Sites sur lesquels ils ne sont pas forcément les bienvenus, d’autant moins qu’ils ne sont pas forcément identifiés par les entreprises donneuses d’ordre comme faisant partie de l’entreprise prestataire, et cela même si une disposition conventionnelle est censée leur permettre d’exercer librement leur activité. 119

« C’est vraiment difficile pour les délégués syndicaux d’aller sur les chantiers. Les directions interdisent d’une

manière ou d’une autre l’entrée des sites, notamment en demandant aux entreprises donneuses d’ordre de ne pas autoriser l’entrée sur les sites, y compris sur les chantiers où les donneurs d’ordre sont les pouvoirs publics. Le DS a la liste des chantiers mais pas forcément les horaires des salariés. Sur les chantiers où il ne peut pas aller, on est obligé de faire intervenir l’inspection du travail pour délit d’entrave mais c’est souvent classé sans suite »

(Syndicaliste au syndicat du nettoyage CFDT Ile de France).

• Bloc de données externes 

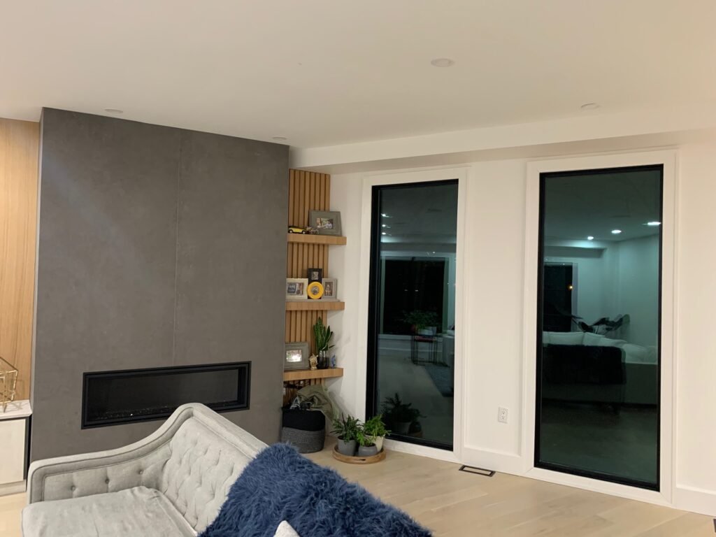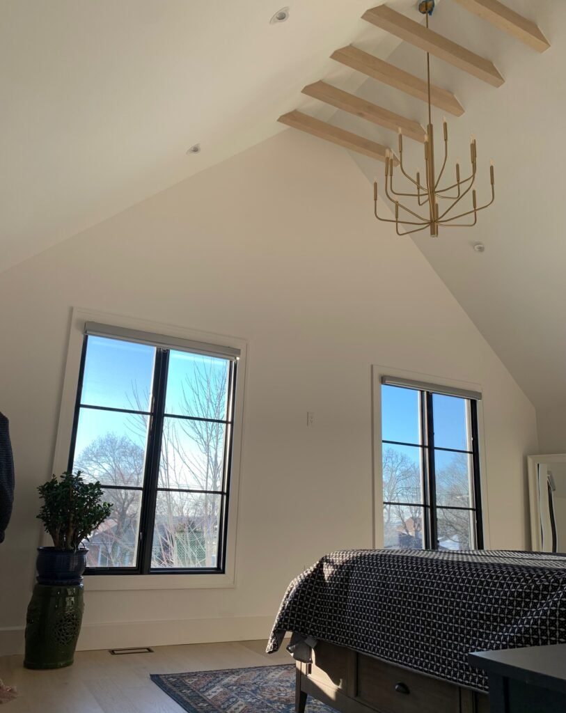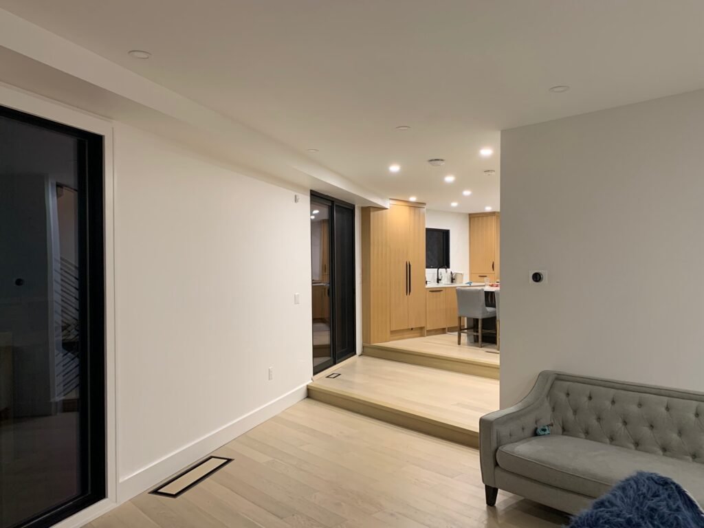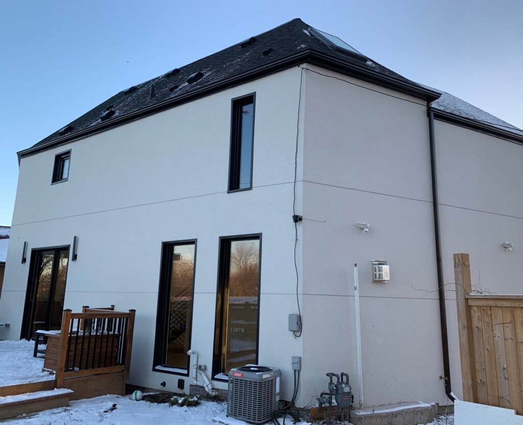 The existing 1500 sqft house located in Etobicoke was in desperate need of a major renovations as well as expansion. Our clients with their two small children were in need of expanding their existing spaces to better suite their evolving needs. The proposed addition slated for the north west corner of the existing house deemed to be the only viable solution for this odd pie shaped lot with Toronto Hydro easement at the rear. We secured the permit for the proposed location of the addition by presenting it to the City’s Committee of Adjustment to waive the existing minimum front yard zoning requirement. The basement expansion allows for the client to setup a work from home space while the ground floor allows for a much bigger living room and play space for the children. At the second floor of the addition the existing primary room was turned into a walk-in closet and an ensuite bathroom while the expanded area became the new primary bedroom with cathedral ceilings. The remaining existing areas were renovated with new fixtures, windows, millwork, lighting and HVAC system. Daylighting was improved by adding new large window openings for the common areas. The roof of the existing house was demolished so that the new roof would cover both the existing house and the addition to give the illusion of one singular structure without the hint of an addition which was further reinforced by use of stucco cladding for both the existing house as well as the addition.

Dans ce secteur, du fait de son éclatement et de l’absence de négociations d’entreprise, les délégués centraux mènent une tâche essentielle : faire redescendre au niveau des chantiers l’ensemble des informations relatives à la branche et à l’activité conventionnelle. Cependant, il paraît tout aussi important pour les organisations syndicales de disposer de délégués de site, seule possibilité pour elles d’atteindre les salariés.

« Nous sommes sur une logique de développement de délégations de proximité. Sur tous les gros chantiers, 25

salariés et plus, il faut que l’on obtienne des DP de site. Alors que dans les entreprises, même si la CNT est critique là-dessus, on est souvent sur une logique visant à monter la représentation du personnel de plus en plus haut pour avoir des délégués au plus haut niveau… là, dans le nettoyage, c’est complètement différent »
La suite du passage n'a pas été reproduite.